The school promotes and disseminates research through its centers and institutes; the most significant ones are:

- Accounting Research Center
- Applied Theory Initiative
- Center for Decision Research
- Center for Population Economics
- Chicago Energy Initiative
- Fama–Miller Center for Research in Finance
- George J. Stigler Center for the Study of the Economy and the State
- Initiative on Global Markets
- Michael P. Polsky Center for Entrepreneurship and Innovation
- The Becker Friedman Institute for Research in Economics
- James M. Kilts Center for Marketing
- Rustandy Center for Social Sector Innovation
- Tolan Center for Healthcare

==Rankings==

Chicago Booth was ranked #1 by both Forbes and The Economist in 2019. U.S. News & World Report ranks Chicago Booth in 2022 and 2023 as the #1 business school in the United States. U.S. News also ranked the school's executive MBA program #1 and its part-time program #1 in the U.S. In 2019, The Economist ranked the school's full-time MBA program as #1 globally. The Economist also ranked Chicago #1 each year from 2012 to 2016 and 2019. The Financial Times Rankings 2019 awarded Chicago Booth third place in Open Executive Education. Poets and Quants ranked the school #2 in their 2019 ranking.

==People==

=== Deans ===

List of deans
| Name | Tenure |
|---|---|
| Henry Rand Hatfield | 1902–1904 |
| Francis W. Shepardson | 1904–1906 |
| C.E. Merriam | 1907–1909 |
| Leon C. Marshall | 1909–1924 |
| William H. Spencer | 1924–1945 |
| Garfield V. Cox | 1945–1952 |
| John E. Jeuck | 1952–1955 |
| W. Allen Wallis | 1956–1962 |
| George P. Shultz | 1962–1969 |
| Sidney Davidson | 1969–1974 |
| Richard N. Rosett | 1974–1982 |
| John P. Gould | 1983–1993 |
| Robert S. Hamada | 1993–2001 |
| Edward A. "Ted" Snyder | 2001–2010 |
| Sunil Kumar | 2011–2016 |
| Douglas J. Skinner (interim) | 2016–2017 |
| Madhav V. Rajan | 2017–present |

=== Faculty ===

The Booth school has 177 professors, and includes Nobel laureates Eugene Fama, Richard Thaler, Lars Peter Hansen and Douglas Diamond; and MacArthur Fellow Kevin M. Murphy.

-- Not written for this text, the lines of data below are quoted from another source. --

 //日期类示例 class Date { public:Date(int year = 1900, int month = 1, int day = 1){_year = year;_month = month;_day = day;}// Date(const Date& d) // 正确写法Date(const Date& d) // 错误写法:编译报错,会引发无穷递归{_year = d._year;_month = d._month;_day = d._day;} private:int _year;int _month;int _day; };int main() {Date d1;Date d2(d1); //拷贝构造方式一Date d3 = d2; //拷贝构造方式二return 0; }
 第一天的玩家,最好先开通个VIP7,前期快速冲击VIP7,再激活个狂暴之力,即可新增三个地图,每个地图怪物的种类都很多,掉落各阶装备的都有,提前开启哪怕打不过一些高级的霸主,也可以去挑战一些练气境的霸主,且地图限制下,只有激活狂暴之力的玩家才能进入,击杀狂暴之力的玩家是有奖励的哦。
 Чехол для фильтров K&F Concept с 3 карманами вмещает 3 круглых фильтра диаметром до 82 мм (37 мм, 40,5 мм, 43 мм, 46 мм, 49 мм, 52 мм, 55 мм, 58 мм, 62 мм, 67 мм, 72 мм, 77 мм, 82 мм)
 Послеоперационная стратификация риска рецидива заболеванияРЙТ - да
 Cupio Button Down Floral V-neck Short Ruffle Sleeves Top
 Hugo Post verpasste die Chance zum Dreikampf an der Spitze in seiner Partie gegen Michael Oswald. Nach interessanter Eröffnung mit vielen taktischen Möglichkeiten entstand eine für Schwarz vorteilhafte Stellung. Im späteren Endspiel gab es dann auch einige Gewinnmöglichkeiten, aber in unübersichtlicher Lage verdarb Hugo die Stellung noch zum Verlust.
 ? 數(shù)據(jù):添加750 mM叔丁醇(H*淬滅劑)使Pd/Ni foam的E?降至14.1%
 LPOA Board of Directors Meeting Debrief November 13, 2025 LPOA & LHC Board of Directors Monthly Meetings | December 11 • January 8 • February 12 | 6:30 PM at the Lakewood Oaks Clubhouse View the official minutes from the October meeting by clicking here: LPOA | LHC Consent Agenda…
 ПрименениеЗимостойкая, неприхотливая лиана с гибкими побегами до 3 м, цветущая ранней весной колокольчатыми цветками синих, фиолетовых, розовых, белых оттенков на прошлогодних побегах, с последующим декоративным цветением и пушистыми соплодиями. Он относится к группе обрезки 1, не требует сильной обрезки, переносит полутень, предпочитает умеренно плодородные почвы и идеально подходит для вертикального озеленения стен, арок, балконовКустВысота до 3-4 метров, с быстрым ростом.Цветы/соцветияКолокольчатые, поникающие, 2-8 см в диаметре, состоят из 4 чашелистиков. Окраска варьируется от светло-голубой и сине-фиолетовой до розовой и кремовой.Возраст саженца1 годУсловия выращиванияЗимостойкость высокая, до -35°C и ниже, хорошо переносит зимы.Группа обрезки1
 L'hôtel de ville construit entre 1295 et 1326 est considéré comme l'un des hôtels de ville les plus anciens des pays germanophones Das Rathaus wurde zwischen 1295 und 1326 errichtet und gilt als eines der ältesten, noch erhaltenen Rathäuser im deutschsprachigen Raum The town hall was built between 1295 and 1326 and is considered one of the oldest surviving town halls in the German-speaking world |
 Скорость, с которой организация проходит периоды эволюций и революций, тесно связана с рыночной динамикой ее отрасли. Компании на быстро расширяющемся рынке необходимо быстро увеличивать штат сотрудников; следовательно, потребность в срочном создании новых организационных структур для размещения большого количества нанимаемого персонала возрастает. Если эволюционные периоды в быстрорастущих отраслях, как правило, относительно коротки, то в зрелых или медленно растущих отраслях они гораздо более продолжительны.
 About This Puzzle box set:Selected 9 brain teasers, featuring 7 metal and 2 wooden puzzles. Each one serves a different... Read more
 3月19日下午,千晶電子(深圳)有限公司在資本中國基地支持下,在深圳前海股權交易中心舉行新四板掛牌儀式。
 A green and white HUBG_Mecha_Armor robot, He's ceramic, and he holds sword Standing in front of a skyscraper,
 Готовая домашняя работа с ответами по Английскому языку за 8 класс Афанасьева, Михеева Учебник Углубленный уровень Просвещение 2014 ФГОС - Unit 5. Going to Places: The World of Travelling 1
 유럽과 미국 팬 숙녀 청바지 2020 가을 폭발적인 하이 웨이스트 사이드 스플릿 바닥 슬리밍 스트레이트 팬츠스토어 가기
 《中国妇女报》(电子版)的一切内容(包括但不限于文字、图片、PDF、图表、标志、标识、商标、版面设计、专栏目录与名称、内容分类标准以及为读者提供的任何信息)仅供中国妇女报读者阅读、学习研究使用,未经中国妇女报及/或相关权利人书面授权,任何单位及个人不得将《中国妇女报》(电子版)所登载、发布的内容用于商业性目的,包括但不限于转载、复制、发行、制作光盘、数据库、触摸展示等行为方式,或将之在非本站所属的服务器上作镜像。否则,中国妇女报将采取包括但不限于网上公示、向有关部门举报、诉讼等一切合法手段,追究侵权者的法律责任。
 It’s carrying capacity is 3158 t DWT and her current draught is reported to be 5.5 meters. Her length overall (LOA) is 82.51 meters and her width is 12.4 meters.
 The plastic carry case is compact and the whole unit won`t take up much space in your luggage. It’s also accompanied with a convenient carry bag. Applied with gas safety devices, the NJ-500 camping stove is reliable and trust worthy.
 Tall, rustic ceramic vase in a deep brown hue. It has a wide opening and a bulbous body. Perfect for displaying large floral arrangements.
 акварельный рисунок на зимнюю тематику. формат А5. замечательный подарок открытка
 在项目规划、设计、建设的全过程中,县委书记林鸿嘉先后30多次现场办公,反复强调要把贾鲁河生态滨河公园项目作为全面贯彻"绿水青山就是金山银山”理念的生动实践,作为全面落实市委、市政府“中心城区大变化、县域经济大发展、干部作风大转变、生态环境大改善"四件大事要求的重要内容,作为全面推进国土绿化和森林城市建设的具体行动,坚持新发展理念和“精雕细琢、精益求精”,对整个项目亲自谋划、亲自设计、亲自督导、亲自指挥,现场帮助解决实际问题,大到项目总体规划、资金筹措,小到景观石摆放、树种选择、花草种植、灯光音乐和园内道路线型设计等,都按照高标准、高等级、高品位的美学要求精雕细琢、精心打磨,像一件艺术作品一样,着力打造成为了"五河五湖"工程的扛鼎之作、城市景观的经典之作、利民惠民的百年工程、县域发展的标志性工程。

Other notable economists at the school include Luigi Zingales and Raghuram Rajan, and former Chairperson of the Council of Economic Advisers, Austan Goolsbee, who is currently on leave as President of the Federal Reserve Bank of Chicago.

===Alumni===

The Chicago Booth Alumni has a community of over 49,000 members and is supported by 60+ alumni clubs worldwide. Alumni include Satya Nadella, Jon Corzine, Peter G. Peterson, Philip J. Purcell, Todd Young, Howard Marks, Megan McArdle, John Meriwether, Brian Niccol, and Susan Wagner.

== Publications ==
Chicago Booth currently publishes three academic journals:
- Journal of Accounting Research
- Journal of Law and Economics
- Journal of Political Economy (with the Department of Economics)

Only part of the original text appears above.